→ **Exercise**:
Using the data that follows, return exactly the lines from the one that contains "The facility will" through the one that contains "April 15, 2024", ends included.

→ **Dataset records**:
━━━

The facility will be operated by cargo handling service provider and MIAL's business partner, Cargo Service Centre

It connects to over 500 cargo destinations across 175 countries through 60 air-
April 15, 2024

━━━

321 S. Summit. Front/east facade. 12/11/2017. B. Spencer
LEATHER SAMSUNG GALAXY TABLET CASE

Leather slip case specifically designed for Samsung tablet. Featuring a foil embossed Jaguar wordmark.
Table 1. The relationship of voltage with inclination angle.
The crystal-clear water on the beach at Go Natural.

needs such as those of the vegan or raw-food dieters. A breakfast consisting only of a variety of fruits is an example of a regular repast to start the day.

━━━

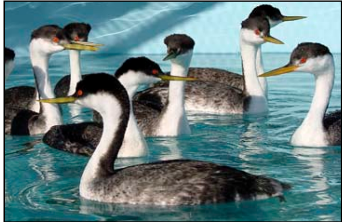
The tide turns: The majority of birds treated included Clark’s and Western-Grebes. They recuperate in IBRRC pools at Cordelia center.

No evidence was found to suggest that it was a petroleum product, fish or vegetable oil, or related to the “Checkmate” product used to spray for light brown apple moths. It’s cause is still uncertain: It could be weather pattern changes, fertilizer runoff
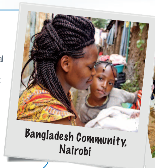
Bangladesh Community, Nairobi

━━━

→ **Task solution**:
The facility will be operated by cargo handling service provider and MIAL's business partner, Cargo Service Centre

It connects to over 500 cargo destinations across 175 countries through 60 air-
April 15, 2024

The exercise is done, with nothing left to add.